My neighbors and I have started attending a series of workshops hosted by Openlands to help Chicago residents to start a new garden. Our instructor, Julie Samuels, is a long-time community organizer, and it was valuable for me to hear her assertion that people are the most important part of a community garden. During the first class, we heard stories about the challenges and successes of other community garden projects. In some neighborhoods, residents are vehemently opposed to edible food gardens, which inhibits those who are interested from getting them going.

For many people of color, there is a stigma around traditions connected to food and farming. It’s  important to understand why. Organizing people around food justice issues means education about the difference between the work of share-croppers and slaves and the labor of contemporary community gardeners who are directly engaged in the livelihood of their neighborhood. With that in mind, it’s also important to acknowledge that many white folks have taken advantage of the growing food and environmental justice movement in ways that replicate the inequities of the past. That’s why community gardens, organized and maintained by neighbors for non-commercial food production, are so exciting. I prefer a cucumber I grew on my own to anything that I could get from someone else, including local farmer’s markets or CSAs. My interest in community gardens are the latest iteration of my long-standing commitment to DIY: they are one of the simplest ways to work towards autonomy.
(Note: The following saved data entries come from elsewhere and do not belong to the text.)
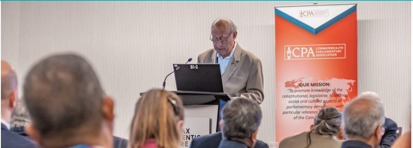
Speaker H.E. Hon. Ratu Epeli Nailatikau presents at the workshop on the Role of Parliaments in Achieving Sustainable Development in Canada in August, 2022.

The Honourable Speaker of the Fijian Parliament, His Excellency Ratu Epeli Nailatikau has stressed that Parliaments play a crucial role in the implementation of the Sustainable Development Goals ('SDGs').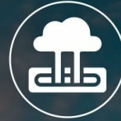
Fast Leak Alarm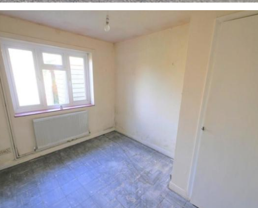
The Green | Pettaugh | IP14 6DH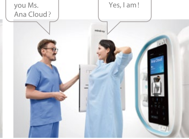
Obvious font design, confirming patient information before exposure

Pay more care to patient, and reduce visual fatigue of radiograher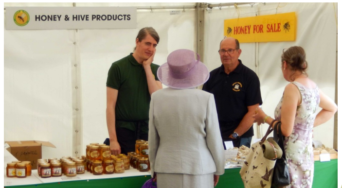
Honey sales seemed to go well, aided by the innovation of a card reader.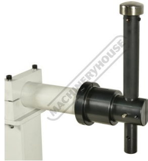
Lower Die Holder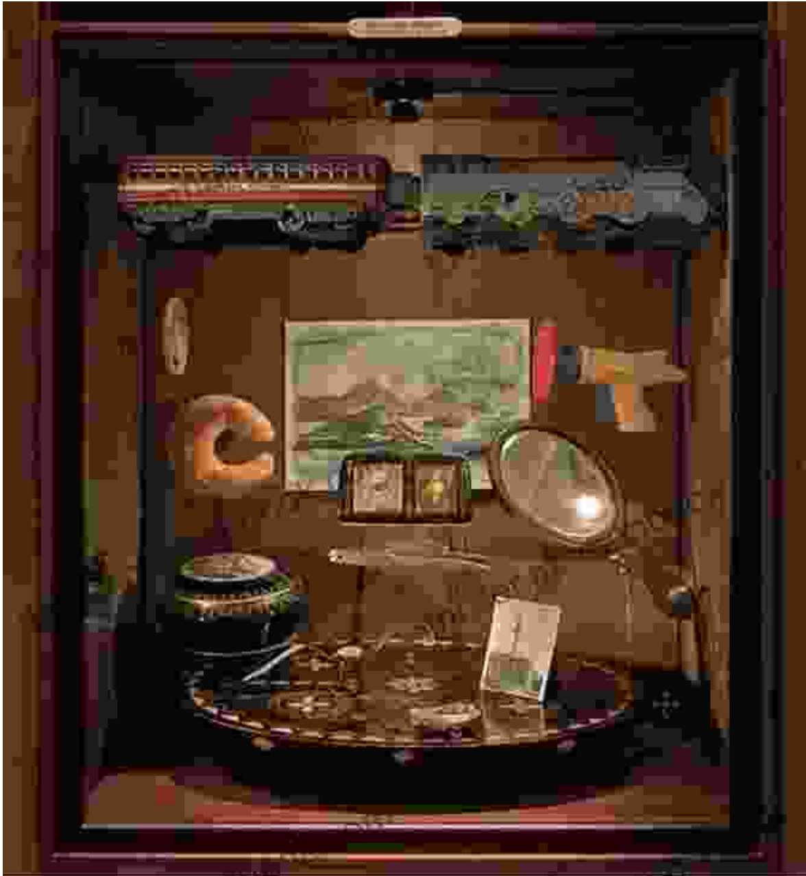
The dimly lit interior of The Museum of Innocence, evoking a sense of nostalgia and longing.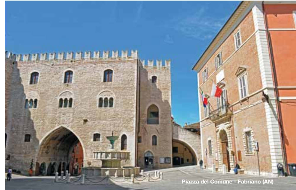
Piazza del Comune - Fabriano (AN)

The Rovere Fortress and the Ducal Palace in Senigallia are examples of military architecture in the Province of Ancona. The imposing Fortress of Offagna was the seat of the battles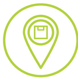
5. Receive Device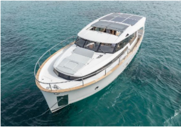
Greenline 40 Hybrid Motor Yacht For Sale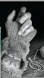
Red Balloon & (W)hole Fresh Start Visual Art Guild of Frisco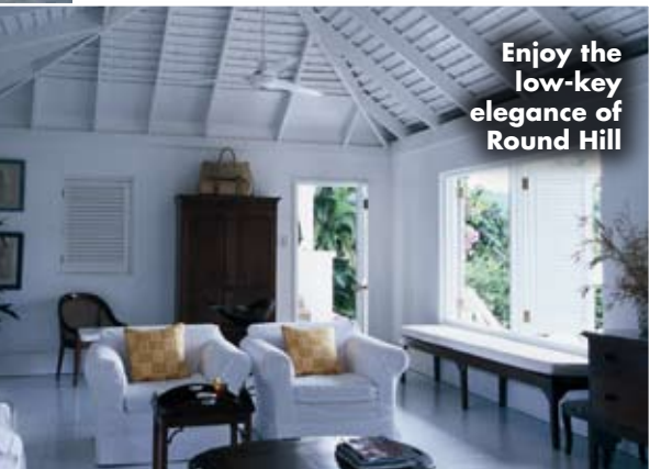
Enjoy the low-key elegance of Round Hill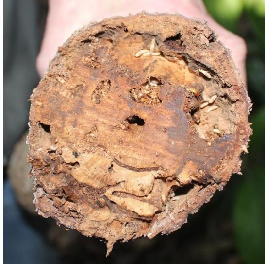
Figure 2. Infested 'Reed' branch in later stages of decline. The white larvae are termites. Once the branch begins to dieback, termite infestation usually follows. Note the staining of the wood and evidence of the PHSB galleries.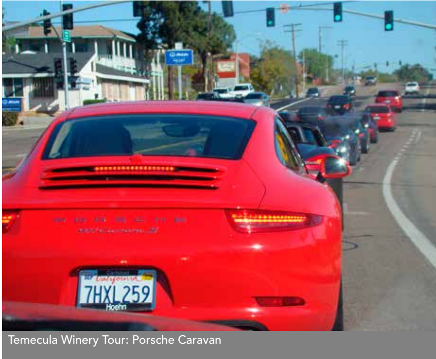
Temecula Winery Tour: Porsche Caravan

Winery, Robert Renzoni Vineyards & Winery and Monte De Oro Winery & Vineyards.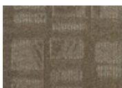
7728 Chert Quickship Available

Pancho MacFarland is a Chicago State University sociologist and member of the Roseland Community Peace Garden. He has written a few posts about this on an environmental & food justice blog. He describes the problem in this post, which I quote from below: http://ejfood.blogspot.com/2011/09/food-justice-in-city.html

Often, middle-class and aspiring middle class Black students run from the culinary and other traditions of their recent ancestors. They connect these foods and labor activities with the hard life in the South.

Another oft-heard remark in the community garden and food justice classroom is a variant of the following: “My grandma left the South to get away from this.”

He goes on to write:

A chorus of students chimed in telling stories that elders in their family had told them about the South.  What became evident during this conversation was that none of the complaints about the South during the early 20th century had anything to do directly with agriculture and rural life itself but with the racist apartheid system that controlled Black people’s right to move and degraded or dismissed their skilled artisan or farm labors.

This is a distinction I want to be very mindful about as we proceed with Garlic & Greens. What is the relationship between the stories we are gathering and the movement towards food justice? How can we celebrate soul food history while also acknowledging the lasting legacy of oppression?

Pancho MacFarland will give a free public talk about these issues on 4pm October 20th, at Columbia College Chicago as part of the Cultural Studies Colloquium Series: 624 S Michigan Ave., Collins Hall, Room 602.